Recently, sparse-inertial human pose estimation (SI-HPE) with only a few IMUs has shown great potential in various fields. The most advanced work in this area achieved fairish results using only six IMUs. However, there are still two major issues that remain to be addressed. First, existing methods typically treat SI-HPE as a temporal sequential learning problem and often ignore the important spatial prior of skeletal topology. Second, there are far more synthetic data in their training data than real data, and the data distribution of synthetic data and real data is quite different, which makes it difficult for the model to be applied to more diverse real data. To address these issues, we propose “Graph-based Adversarial Inertial Poser (GAIP)”, which tracks body movements using sparse data from six IMUs. To make full use of the spatial prior, we design a multi-stage pose regressor with graph convolution to explicitly learn the skeletal topology. A joint position loss is also introduced to implicitly mine spatial information. To enhance the generalization ability, we propose supervising the pose regression with an adversarial loss from a discriminator, bringing the ability of adversarial networks to learn implicit constraints into full play.
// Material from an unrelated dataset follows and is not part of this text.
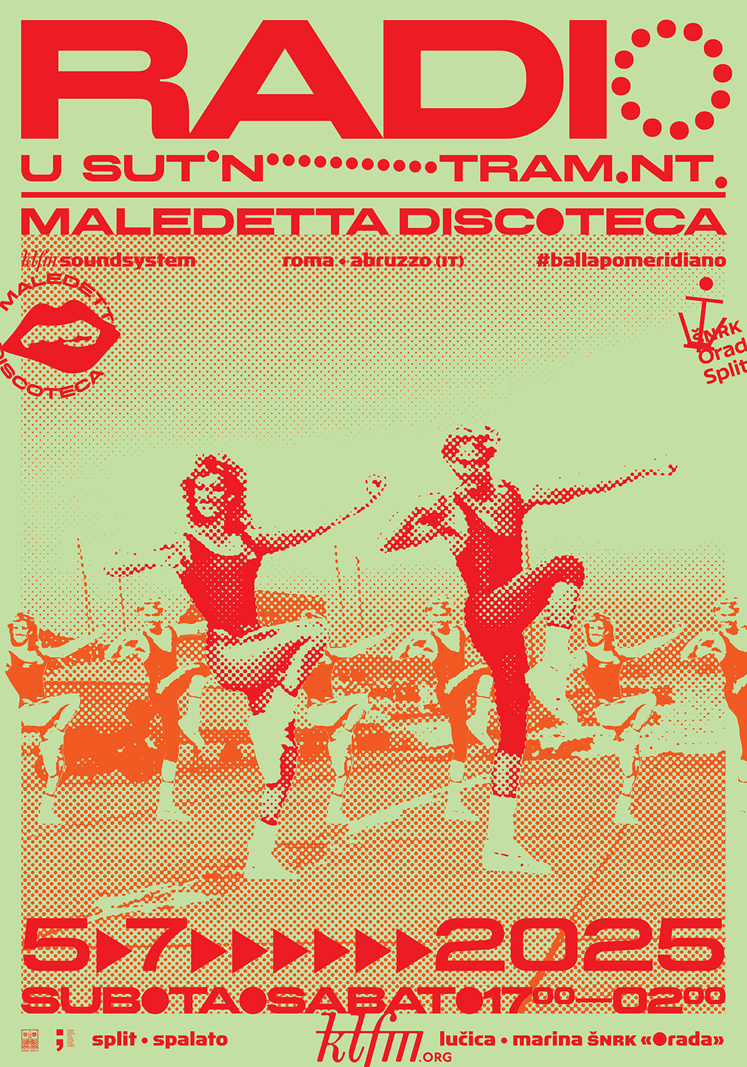 Iz Roma•Abruzzo (it) dolaze puštati mjuzu sa ploča u Split. Pa plakatić. KLFM.

Additionally, we construct a real dataset that includes hip support movements and a synthetic dataset containing various motion categories to enrich the diversity of inertial data for SI-HPE. Extensive experiments demonstrate that GAIP produces results with more precise limb movement amplitudes and relative joint positions, accompanied by smaller joint angle and position errors compared to state-of-the-art counterparts. The datasets and codes are publicly available at https://cslinzhang.github.io/GAIP/.

查看原文本刊更多论文

基于骨架感知图的逆向网络，用于从稀疏 IMUs 估算人体姿态

最近，仅使用几个 IMU 的稀疏惯性人体姿态估计（SI-HPE）在各个领域都显示出巨大的潜力。该领域最先进的工作仅使用六个 IMU 就取得了相当不错的结果。不过，仍有两大问题有待解决。首先，现有方法通常将 SI-HPE 视为时间序列学习问题，往往忽略了骨骼拓扑这一重要的空间先验问题。其次，其训练数据中的合成数据远多于真实数据，而且合成数据与真实数据的数据分布差异较大，这使得模型难以应用于更多样化的真实数据。为了解决这些问题，我们提出了 "基于图的对抗惯性抛物模型（GAIP）"，利用六个 IMU 的稀疏数据来跟踪身体运动。为了充分利用空间先验，我们设计了一个多阶段姿势回归器，利用图卷积明确学习骨骼拓扑结构。我们还引入了联合位置损失来隐式挖掘空间信息。为了增强泛化能力，我们建议使用来自判别器的对抗损失来监督姿势回归，从而充分发挥对抗网络学习隐式约束的能力。此外，我们还构建了一个包含髋部支撑运动的真实数据集和一个包含各种运动类别的合成数据集，以丰富 SI-HPE 惯性数据的多样性。广泛的实验证明，GAIP 得出的结果具有更精确的肢体运动幅度和相对关节位置，与最先进的同行相比，关节角度和位置误差更小。数据集和代码可在 https://cslinzhang.github.io/GAIP/ 公开获取。

本文章由计算机程序翻译，如有差异，请以英文原文为准。

求助全文

约1分钟内获得全文求助全文

来源期刊

ACM Transactions on Multimedia Computing Communications and Applications 工程技术-计算机：理论方法

CiteScore

8.50

自引率

5.90%

发文量

285

审稿时长

7.5 months

期刊介绍： The ACM Transactions on Multimedia Computing, Communications, and Applications is the flagship publication of the ACM Special Interest Group in Multimedia (SIGMM). It is soliciting paper submissions on all aspects of multimedia. Papers on single media (for instance, audio, video, animation) and their processing are also welcome. TOMM is a peer-reviewed, archival journal, available in both print form and digital form. The Journal is published quarterly; with roughly 7 23-page articles in each issue. In addition, all Special Issues are published online-only to ensure a timely publication. The transactions consists primarily of research papers. This is an archival journal and it is intended that the papers will have lasting importance and value over time. In general, papers whose primary focus is on particular multimedia products or the current state of the industry will not be included.